Government Document Archives Online

Over at Sources and Methods, Kristan Wheaton has published a list of online archives of declassified or otherwise released government documents. Some of the sites linked to – like the National Security Archive and the CIA’s FOIA Reading Room – are like old and dear friends. Others, like the EFF’s user-unfriendly document archive, were new to me.

There are a couple of valuable sites he missed, though…

Most notable, in my opinion, is the ever-interesting Government Attic, whose motto isn’t, but could be, “because we can”; nothing seems too old, too obscure, or too esoteric for them to request, and publish.

John Young’s Cryptome is a controversial miscellany of mind-boggling breadth and depth.

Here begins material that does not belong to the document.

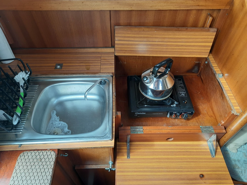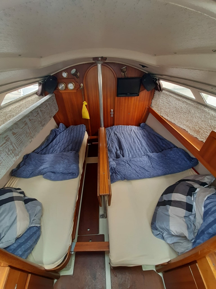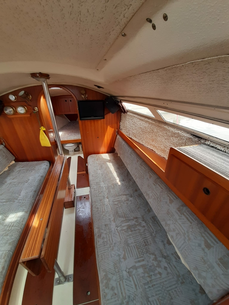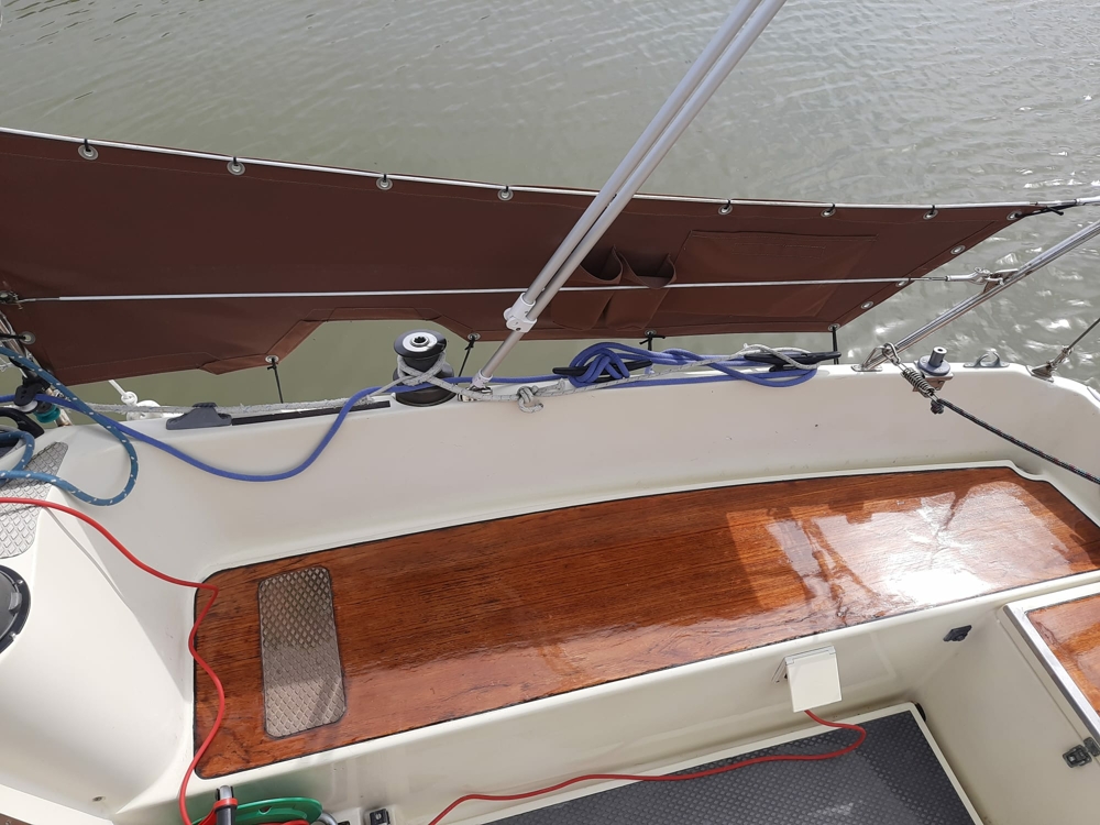 The boat has taken me safely from island to island and place for years. Since I changed my place of residence and unfortunately no longer find time for it, I now sell it by this way. Last in the water was the boat in September 2024 since then it has been on the North Sea island Juist where also the home port of the boat is on land on a trailer that is unfortunately not allowed for road traffic.

Searching through it is a bit of a pain, but there’s a lot of very interesting stuff there that tends not to get a lot of attention.

A special nod is due OpenCRS, who have managed to publish literally thousands of “non-public” Congressional Research Service reports over the years.

On the military end of things, never overlook the Army’s Reimer Digital Library; sure, they arbitrarily withhold all kinds of innocuous things for no discernible reason, but they’re one of the better resources for keeping up with what’s just been published or updated. (Odds are, you won’t be able to view or download it, but at least you’ll know it exists.) The Combined Arms Research Library, a/k/a CARL, is a great resource for current non-doctrinal, as well as historical, records and documents, many of which have not otherwise been available to the public.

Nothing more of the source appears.